# Degassing and Oxidation



## jamest22 (Jan 12, 2011)

I have been brewing beer regularly for two years. In the world of brewing you take care never to aerate your wort/beer after fermentation. 

I am fermenting my first kit wine (An RJ Spagnols Heritage Estates Vino Del Vida kit) and it is almost time to transfer to secondary (gravity is at ~1.00) according to my instructions. After racking to secondary and adding the clarifiers and sulfites, they tell me to "degass the wine vigorously for 5 mins using a spoon or drill mounted device". 

I am concerned that the degassing/aerating after primary fermentation has completed will oxidize my wine. Why should I not be concerned about aeration at this stage of the game?

Thanks


----------



## Runningwolf (Jan 12, 2011)

James welcome to the forum. Practically every kit will have you do this. Adding the stabilizing agents will protet your wine through this process. Without degassing it your wine will not clear.


----------



## surlees (Jan 12, 2011)

James,


> I am concerned that the degassing/aerating after primary fermentation has completed will oxidize my wine. Why should I not be concerned about aeration at this stage of the game?

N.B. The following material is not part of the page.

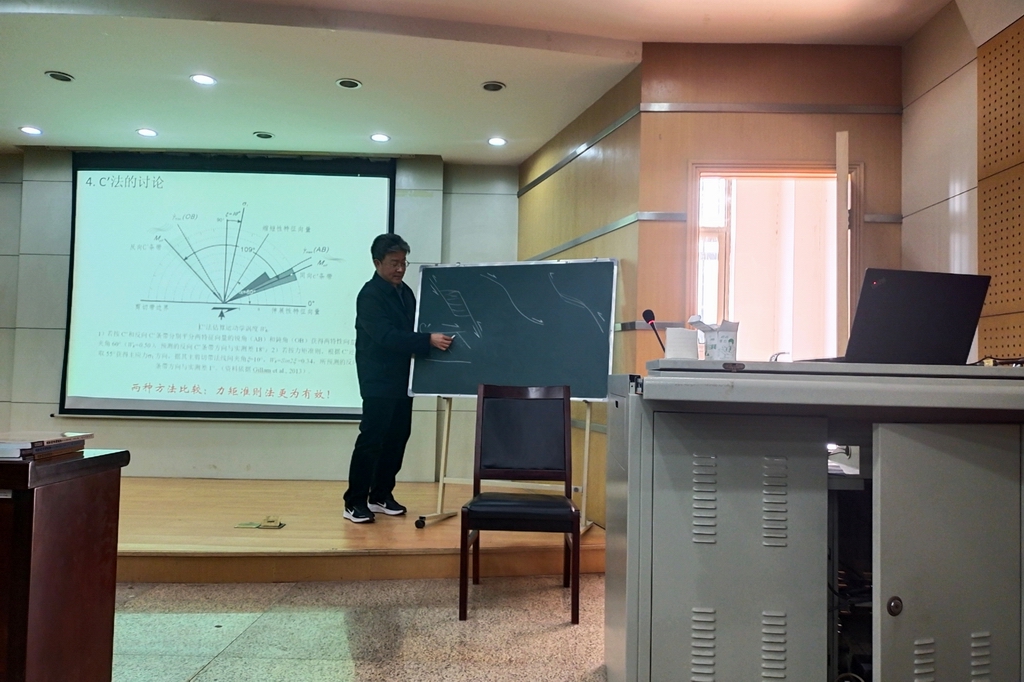 侯泉林以严谨务实的态度、风趣幽默的语言系统讲述了构造地质学近年来的前沿进展,以岩石变形准则为例介绍了如何从经典理论中发现科学问题,介绍了岩石流变方面的相关概念、进展以及运动学涡度的使用方法和存在问题,讲解了有限应变测量的基本原理和方法以及构造岩石学的相关研究进展,最后提出构造作用本质上是岩石和矿物对应力作用的响应,包括物理响应和化学响应,进而用数学方法进行表达,构造地质学的发展方向应是与物理学、化学乃至数学等基础学科的深度融合。侯泉林在讲座过程中多次引用身边实例鼓励大家要发扬理工精神、珍惜学习机会、努力奋斗、成长成才,勉励同学们要勤于思考、加强逻辑训练、善于发现和提出科学问题、培养创新思维。本次讲座为构造地质学课程教学和科学研究提供了新的思路和启发,开阔了同学们的专业视野,激发了学习热情,为推动地学领域相关研究起到了积极的促进作用。

The degassing is to remove CO2, otherwise the wine will be bubbly and fizzy (as in beer). You're not trying to aerate the wine, but to get the CO2 out. After degassing you do need to avoid exposing the wine to air as much as possible by keeping it under an airlock and racking quickly and in a manner that avoids exposure to air as much as possible (impossible to completely avoid some exposure during racking). The combination of SO2 and avoiding air helps prevent oxidation and browning of wine (especially whites).


----------



## winemaker_3352 (Jan 12, 2011)

If given enough time - the CO2 will dissipate out of the wine and will be clear. There are several folks in there that don't degass or add fining agents and have never had a problem . But they age for close to 2 years.


----------



## Wade E (Jan 12, 2011)

With beer you dont do this because it dont matter as youll be carbonating it anyway. With wine you usually dont want this as most wine the carbonation wont taste good. Doing this degassing will greatly improve the wines clearing ability. Also with beer you dont ferment it nearly as much and dont produce his C02 in great amounts.


----------